Spaceport Payload Avionics

PSP Satellites and PSP Spaceport collaborated to develop the payload for the Spaceport America Cup. As part of this collaboration, I developed the payload electronics.

For the prototype, I was on a short timeline. This meant I wasn't going to be able to prototype the full system. I decided to delay the implementation of the strain gauges and instead focus on having the IMUs and data recording up and running. My main reasoning for this was because I have a decent amount of experience with Wheatstone Bridges and the HX711 precision ADC I planned to use, as well as my fear of the wiring mess the strain gauge set-up would make as I didn't have enough time to order any custom PCBs. In hindsight, this omission would lead to my strain gauge integration problems when adding them to the system. I used an Arduino Nano to control three IMUs and record data to a MicroSD card. The Arduino Nano was chosen because it was the microcontroller I felt most comfortable using, again especially with the short timeline. However, I planned to replace it for the final flight unit. The three IMU modules had to be controlled and wired using SPI and not I2C because the modules are set to the same address. And the MicroSD Card Adapter was wired to the same SPI bus. For the test flight, the IMUs were set on the dampened mass, the central bulkhead plate, and the main board.

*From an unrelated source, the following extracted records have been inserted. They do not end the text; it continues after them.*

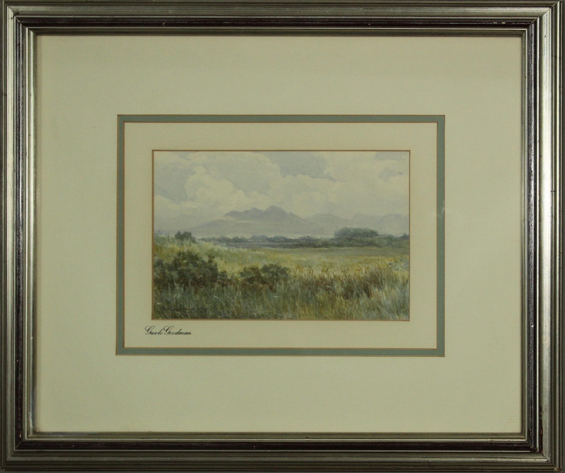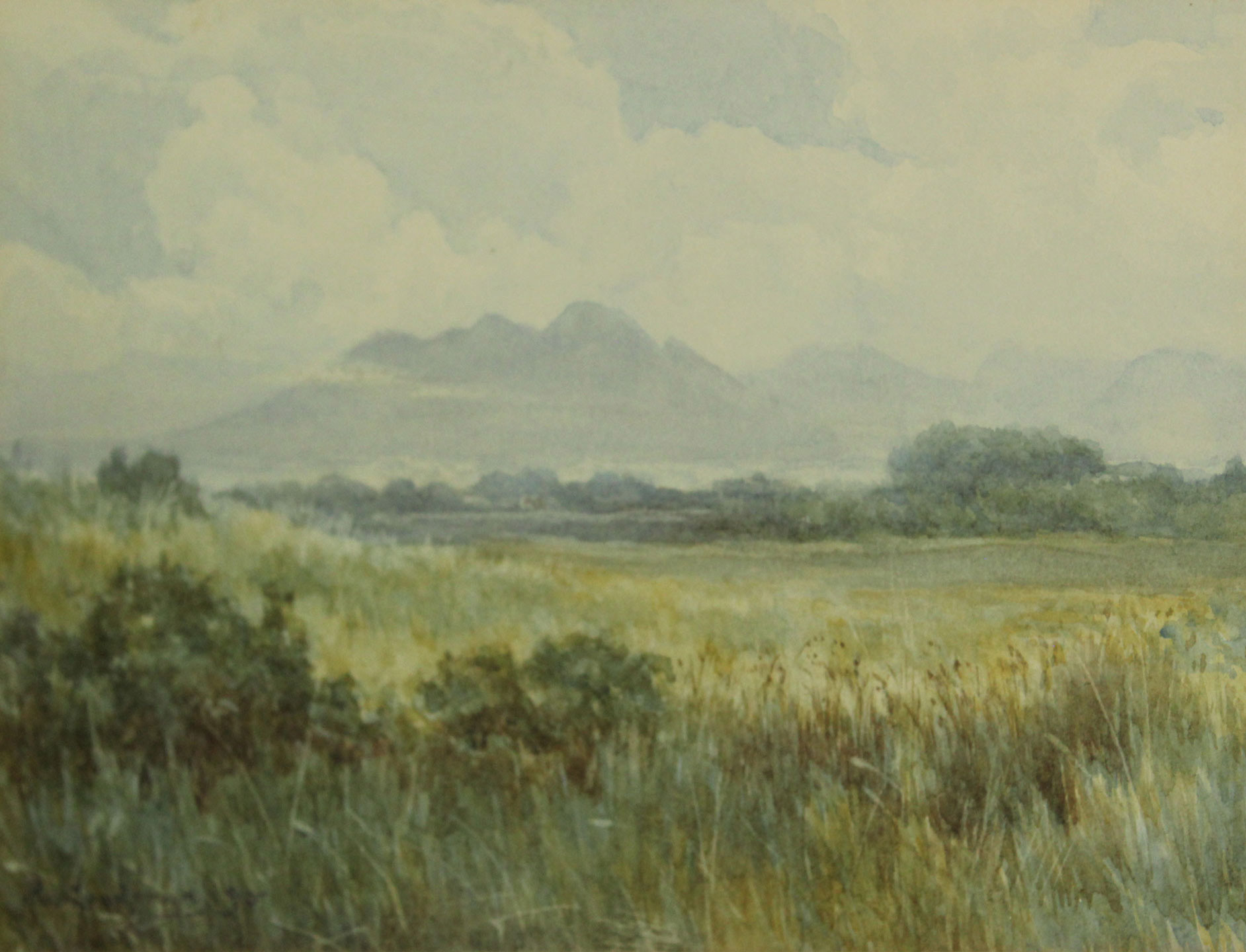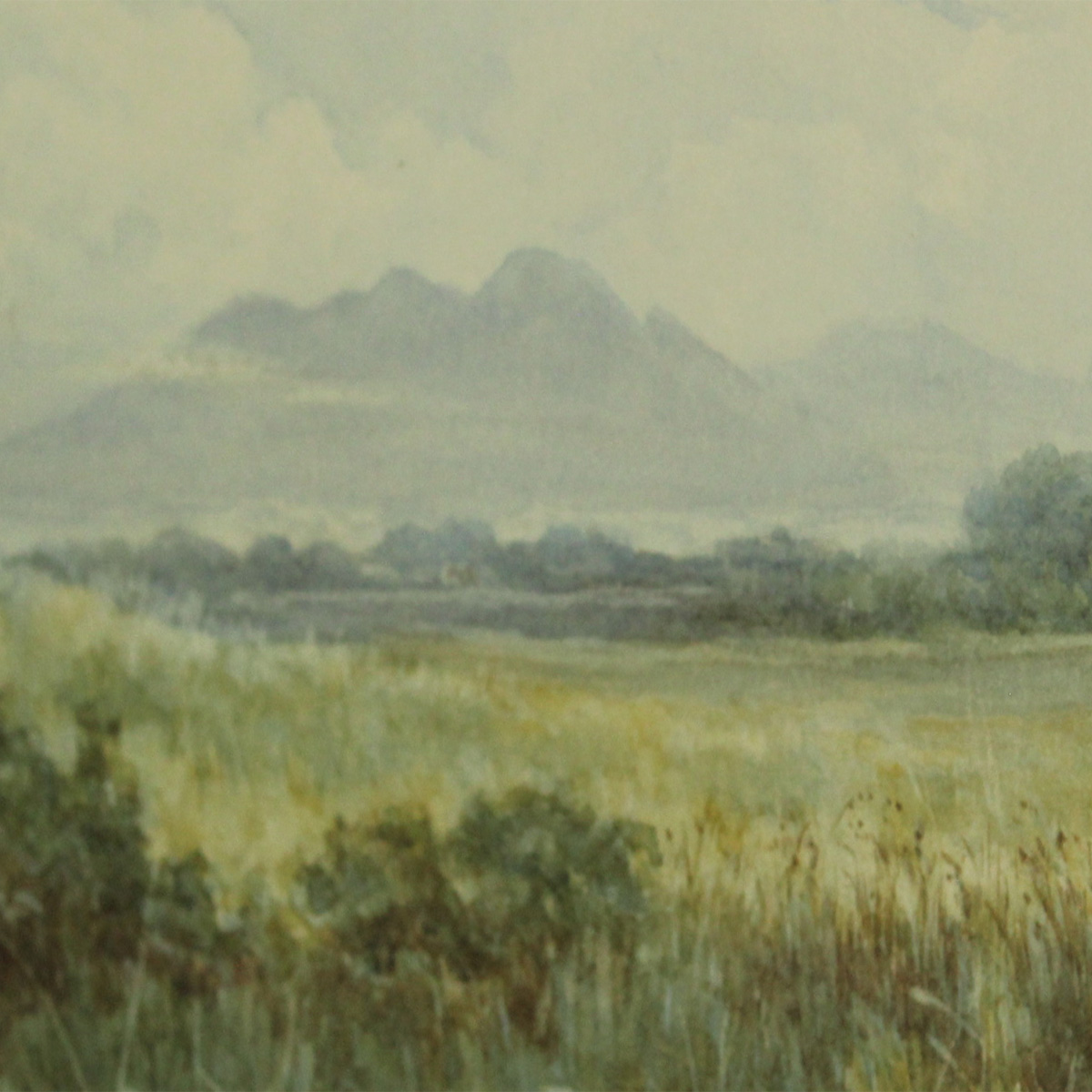 Mountain Landscape. Watercolour on Paper, 16cm x 24cm excluding frame, 43cm x 51cm including frame. Framed.
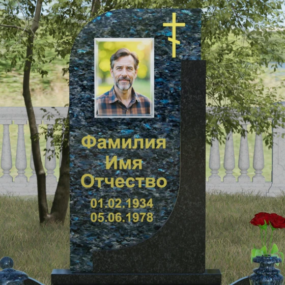 Кому подойдет: Данная модель является универсальной и гармонично впишется в мемориальный комплекс как для мужчины, так и для женщины. Асимметричная форма с плавным изгибом придает памятнику определенную легкость, что часто выбирают для оформления захоронений матерей или жен. В то же время строгая вертикальная колонна и золоченая символика делают его подходящим для увековечивания памяти отца, брата или главы семейства. Это выбор тех, кто ценит эстетику минимализма, надежность натуральных материалов и хочет подчеркнуть преемственность поколений и крепость семейных уз.
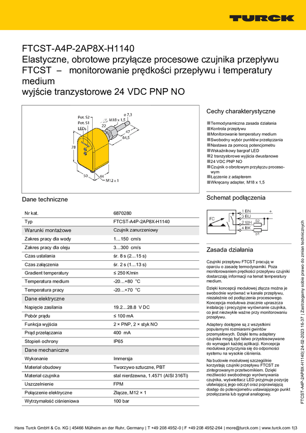 Turck 6870280 Czujnik zanurzeniowy FTCST-A4P-2AP8X-H1140, 19.2 - 28.8 V/DC, 1 szt.
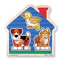 Can you find a home for the dog, cat and bird' Toddlers will love this super-sized, solid-wood puzzle with chunky half-inch-thick pieces -- it's the perfect first puzzle. Extra-large knobs make it easy for small hands to play with each brightly colored puzzle piece. Matching full-color pictures are hiding underneath each piece. Measures 12.5"H x 12.5"W x 1.7"D.
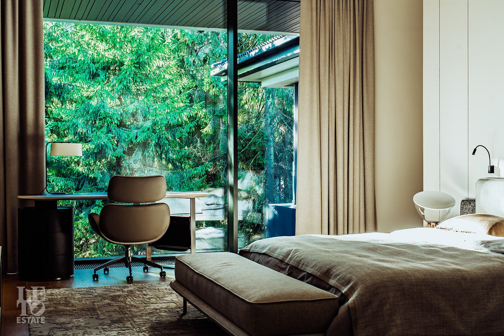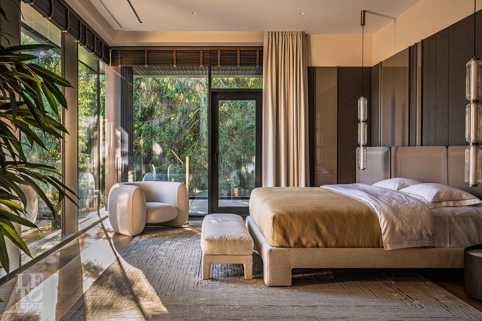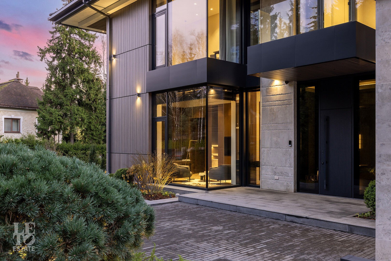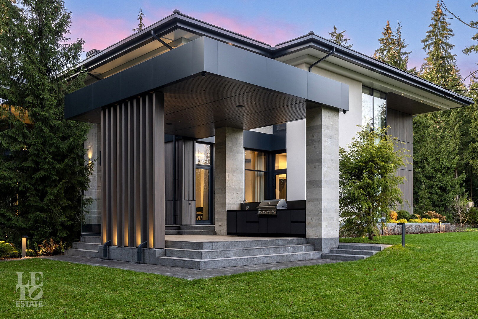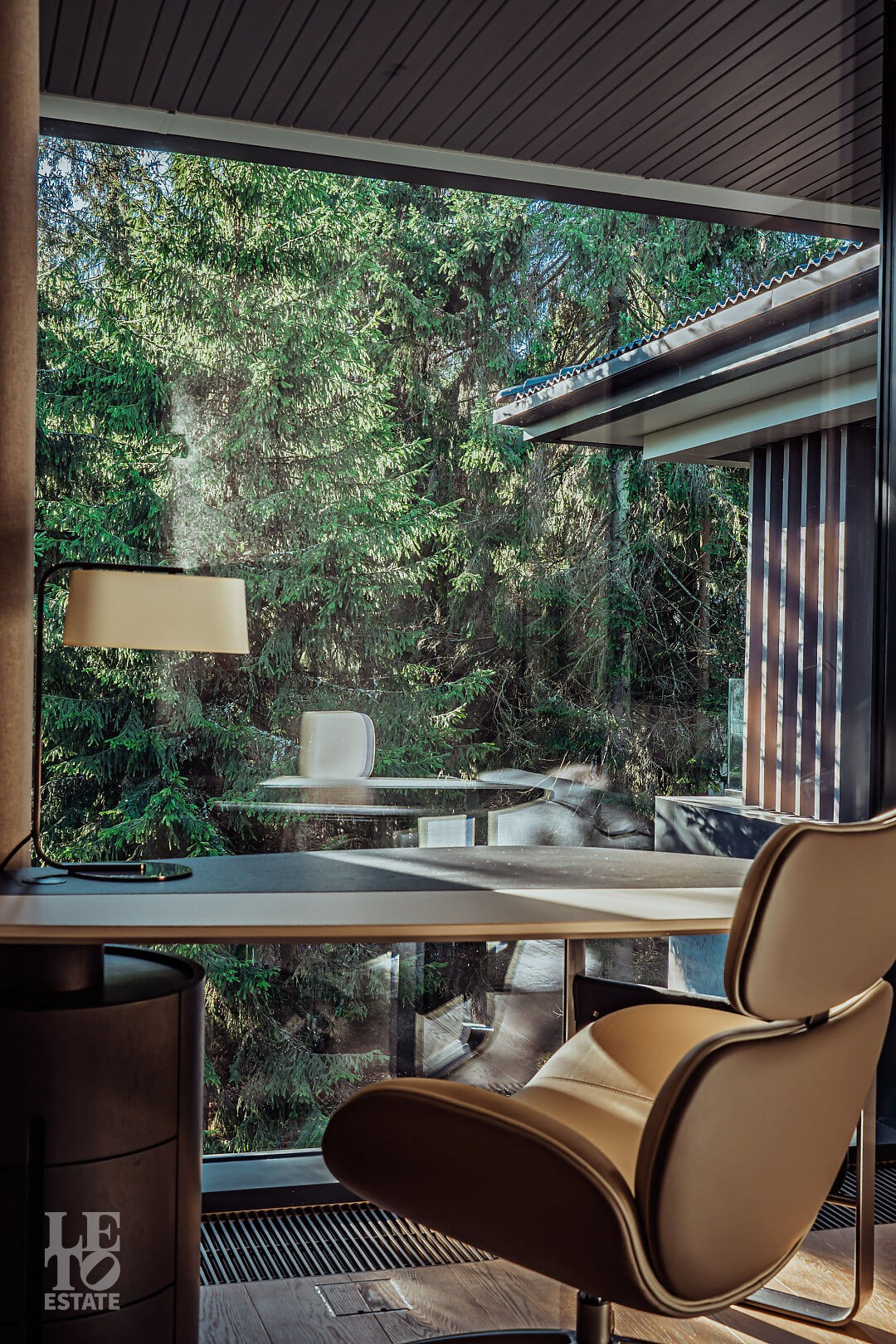 Эта резиденция — воплощение гармонии и покоя, спрятанное в сердце реликтового леса. Современная интерпретация архитектуры Райта с оттенком новаторства в фасаде.
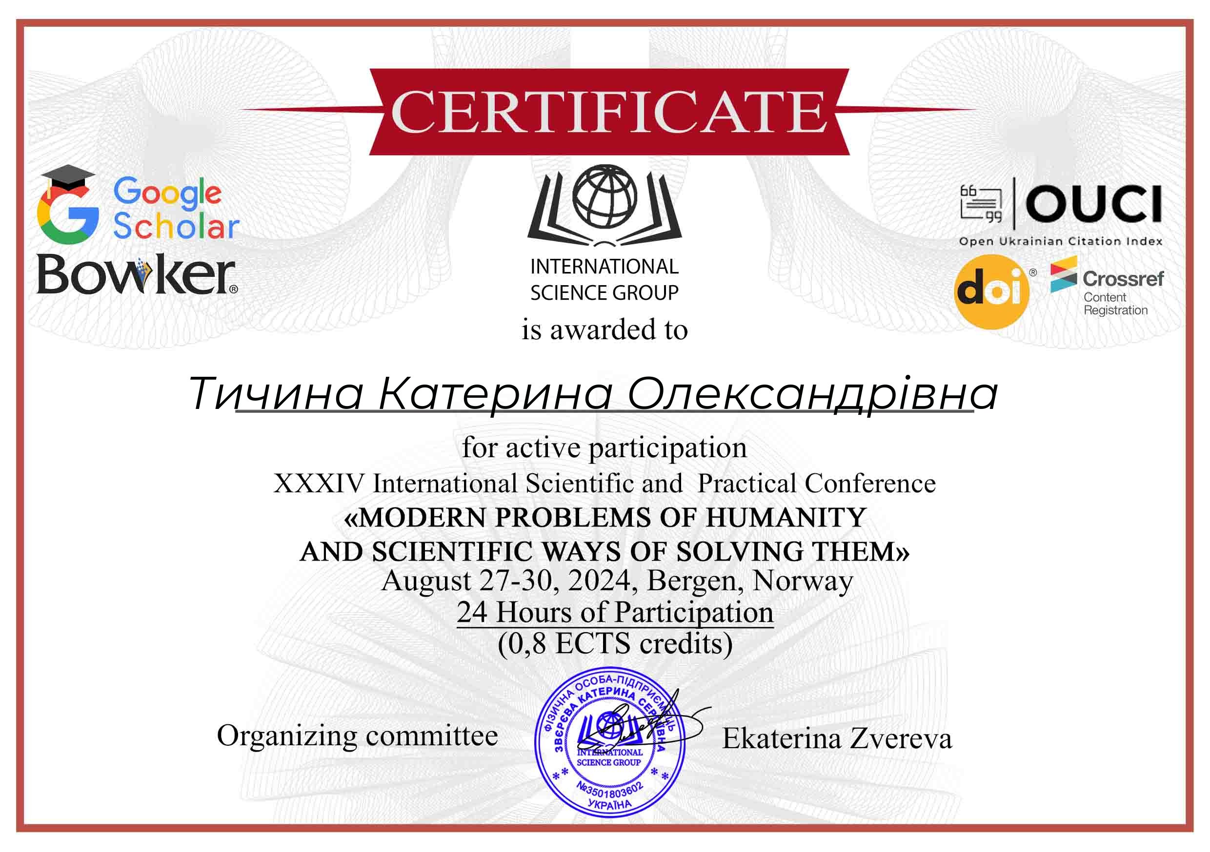 | 10984 | XXXIV Snternational Scientific and Practical Coference @MODERN PROBLEMS OF HUMANITY AND SCIENTIFIC WAYS OF SOLVING THEM@ | Зміст поняття "логопедична допомога" в контексті українського та зарубіжного досвіду | Bergen, Norway |
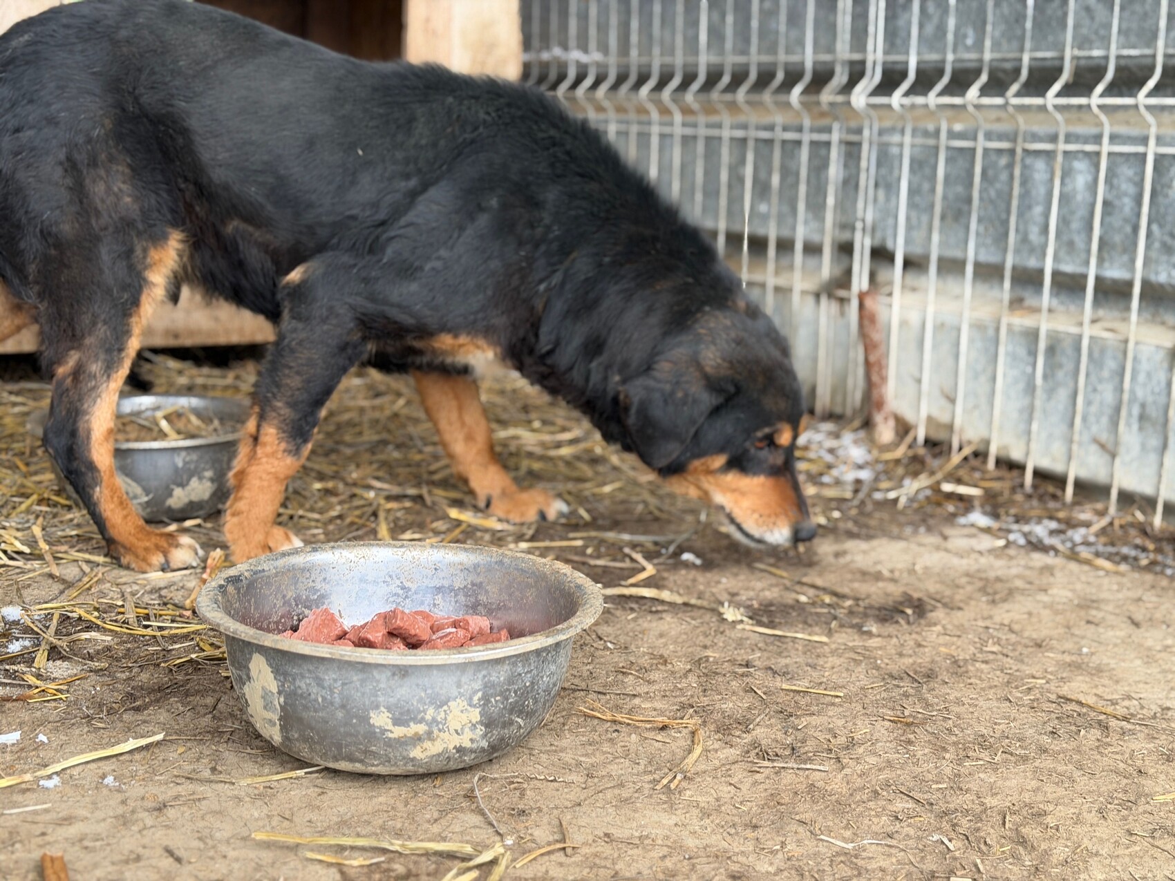 Lange Zeit hielt er sich fast ausschließlich in seiner Hütte auf. Mit Futter ließ er sich zumindest zur Hälfte herauslocken – ein kleines Zeichen, dass in ihm noch Hoffnung glimmt. Und tatsächlich: Er zeigte Interesse an den mitgebrachten Dingen, ein leiser Funke Neugier, der zeigt, dass er sich selbst noch nicht aufgegeben hat.

For power on both flights, I just used normal AA alkaline batteries. The battery packs were given enough capacity to run the system for a full day and a half. This was done based on the Spaceport Launch team's procedures and the fact that no one who worked on the electronics with me would be at the final launch. A simple power switch with a blinking LED seemed like the easiest thing to communicate effectively to the launch team. An important note, in the competition, the payload couldn't be physically accessible from the outside of the rocket, so the payload had to turned on upon final integration into the rocket. Additionally, I didn't set up any sleep mode which would have greatly improved the power efficiency due to the desire to have detailed data of the immediate launch shocks.

 Flight Unit

The design of the final flight unit had some major changes from the prototype design. First of all, I added the strain gauges and added five more IMUs. For the strain gauges,  I initially hoped to add a bunch of strain gauges, but at integration they became physically problematic to mount and test. This led to only two quarter-bridge testing locations to be implemented on the bottom and bulkhead plates. The additional IMUs were quite simple, I just added them to the SPI bus. The biggest change was swapping out the Arduino Nano with a Teensy 4.1 to deal with the higher processing load of and the higher clock speed needed due to the additional sensors. It having an integrated micro SD card reader also was a factor. Lastly, I had enough time to create custom PCBs which made integration of the board stack a lot easier and more reliable. Those changes being said, I didn't change the alkaline battery bank power system, with the exception of new mounting boards. 

With the exception of the strain gauge physical integration I mentioned earlier, there were only two real issues that arose during system integration. The first was the comical wiring that had to be done to get the SPI bus lines to the various IMUs that you can see in the right-most picture below. I really wish I had more time to develop my own IMU module or determine how to edit the IMU module so I could have used I2C (Each sensing module has the same address). This issue was "solved" by a lot of man-hours soldering everything together and testing as I went. The second issue was more problematic. When all the devices were integrated the SPI lines would not work consistently. Being on a major time crunch (a day before needing to hand-off to the rocket integration team), I did a quick analysis of the problem and brought in a few Electrical Engineering friends to help. We deduced, with no certainty, that the issue was probably how long the SPI lines were. We think the lines were acting like capacitors,  slowing the charging and discharging the bus lines or power lines. To counter act this issue, I removed the two IMUs with the longest connector lines (In hindsight, I probably could have add a large resistor to held discharge the line, but I didn't think of that at the time). With the improvements and integration troubleshooting, the payload had 6 IMUs, 2 strain gauges, and a microSD card to store data. 

Final Flight

 On the final flight, the recovery system again malfunctioned, resulting in a few thousand feet of freefall of just the nosecone with the payload inside. On impact, the payload mounting system held, however the payload did not hold up well to the shock. One note is the corner rails had to be removed in order to fit the satellite in the new payload mounting system, which made the payload structurally weaker. The walls were extremely deformed, which caused our power switch to break and the wires to the IMU on our bottom plate to be cut. The cut wires in the top-right picture below was not intentionally cut, the wall pinched them! Additionally, the structures team, last minute, switched to using carbon fiber reinforced 3D prints to use as board spacers. While these did support the loads at impact, the boards, presumably on the edge closest to impact, could not take those forces. The boards exploded out & delaminated as can be seen in the pictures on the right. The control board also cracked down that edge. No data was recovered. 

While this project was a failure with no payload data collected at the end of the day, it was still an incredible experience for me! Most of my college experience has been focused on satellites, and it was really great to learn a bit about rockets and structures while rapidly prototyping electronics!